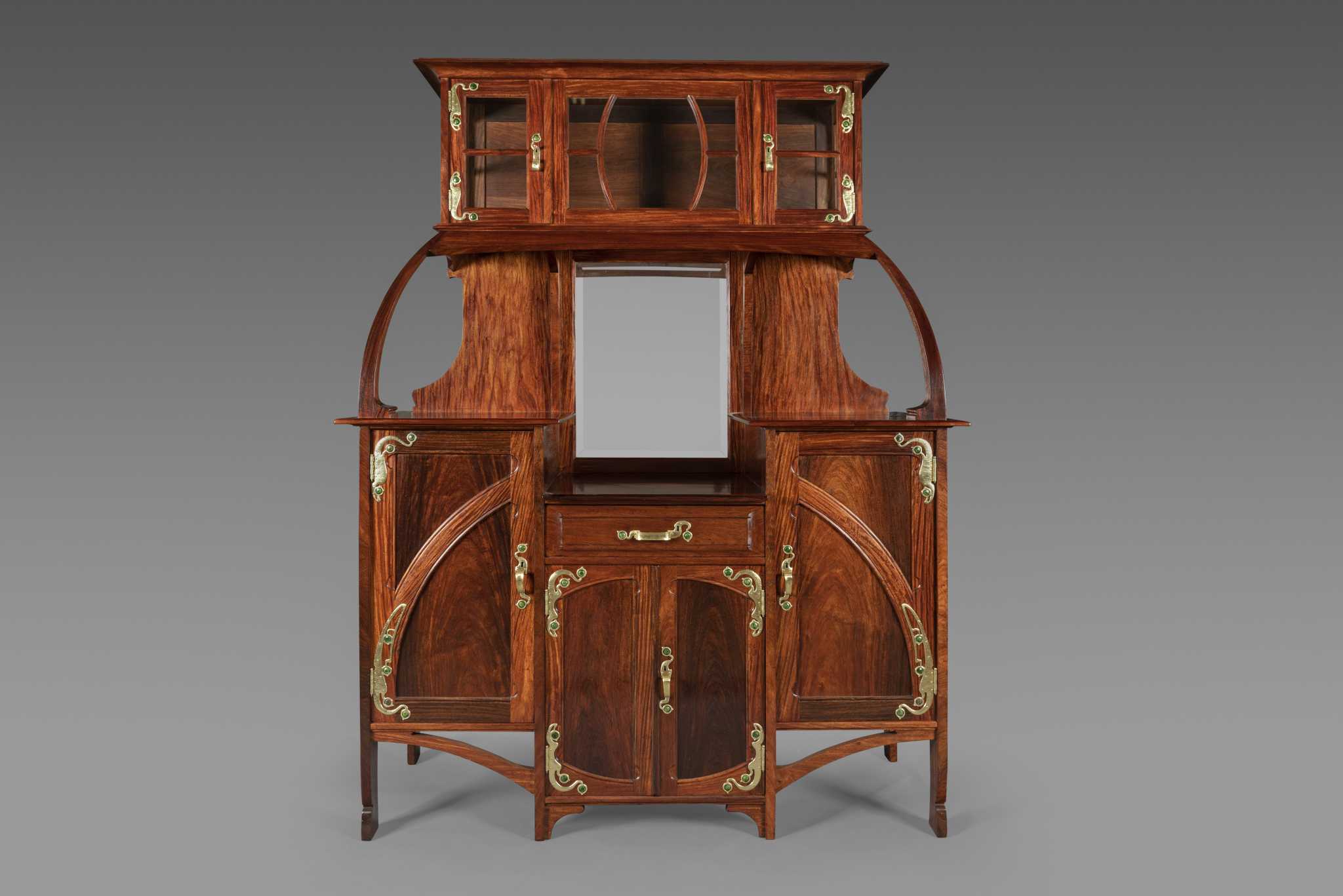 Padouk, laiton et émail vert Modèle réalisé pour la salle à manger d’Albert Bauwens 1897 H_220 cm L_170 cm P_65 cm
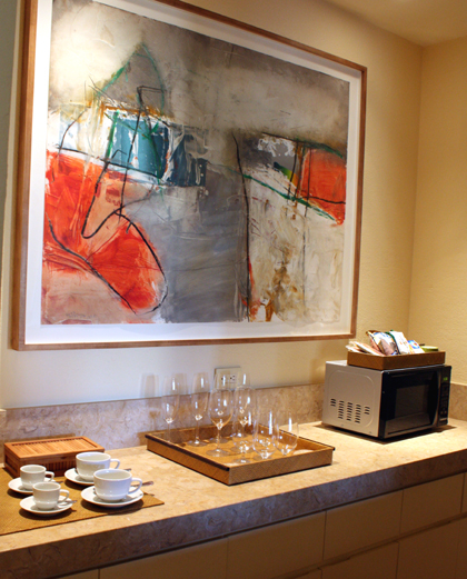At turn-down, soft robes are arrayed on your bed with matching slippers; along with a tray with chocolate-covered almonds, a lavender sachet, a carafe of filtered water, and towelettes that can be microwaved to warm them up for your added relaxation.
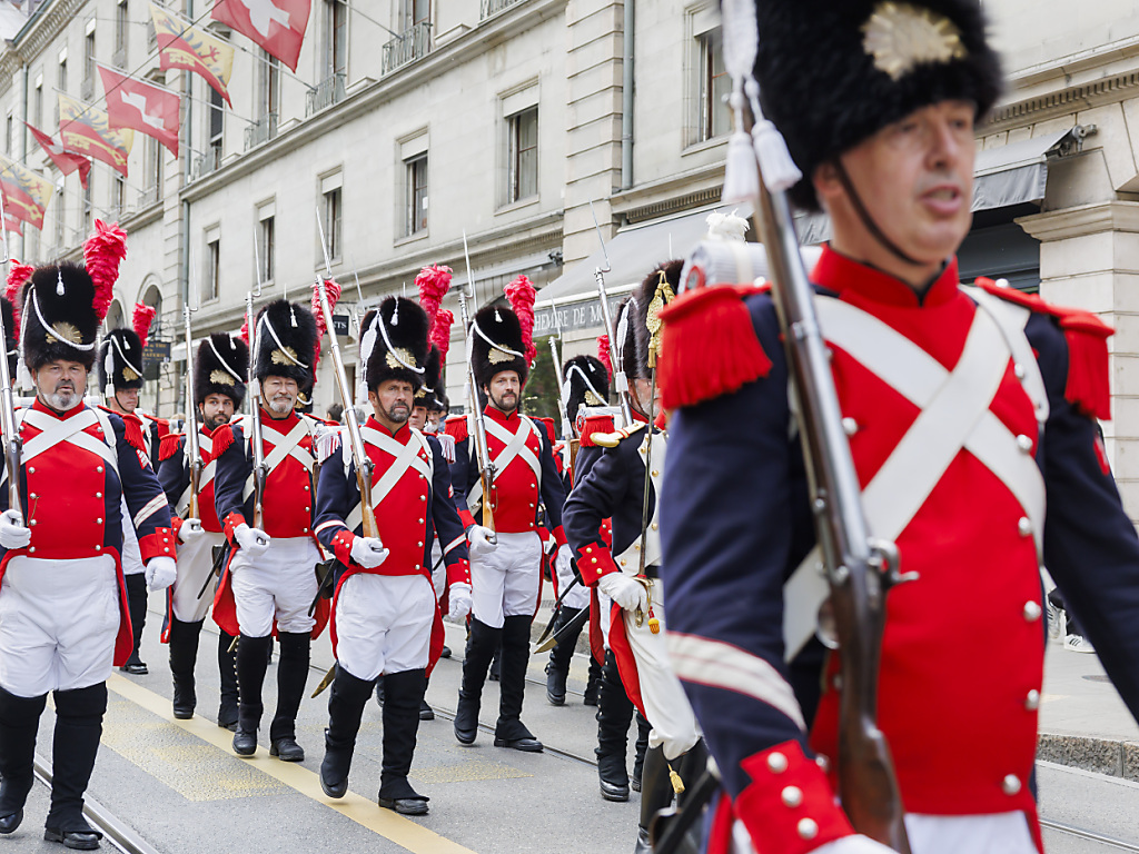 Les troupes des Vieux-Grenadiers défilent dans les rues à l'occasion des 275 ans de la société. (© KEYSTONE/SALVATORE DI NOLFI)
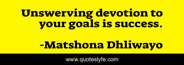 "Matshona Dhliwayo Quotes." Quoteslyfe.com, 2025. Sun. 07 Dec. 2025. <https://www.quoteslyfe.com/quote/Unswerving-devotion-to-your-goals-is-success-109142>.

● ● ● ●

§ **WHAT IS REQUIRED**
Strip out the pictures and quote the remaining data word for word.

§ **RESULT FOR THIS TASK**
 Padouk, laiton et émail vert Modèle réalisé pour la salle à manger d’Albert Bauwens 1897 H_220 cm L_170 cm P_65 cm
At turn-down, soft robes are arrayed on your bed with matching slippers; along with a tray with chocolate-covered almonds, a lavender sachet, a carafe of filtered water, and towelettes that can be microwaved to warm them up for your added relaxation.
 Les troupes des Vieux-Grenadiers défilent dans les rues à l'occasion des 275 ans de la société. (© KEYSTONE/SALVATORE DI NOLFI)
 "Matshona Dhliwayo Quotes." Quoteslyfe.com, 2025. Sun. 07 Dec. 2025. <https://www.quoteslyfe.com/quote/Unswerving-devotion-to-your-goals-is-success-109142>.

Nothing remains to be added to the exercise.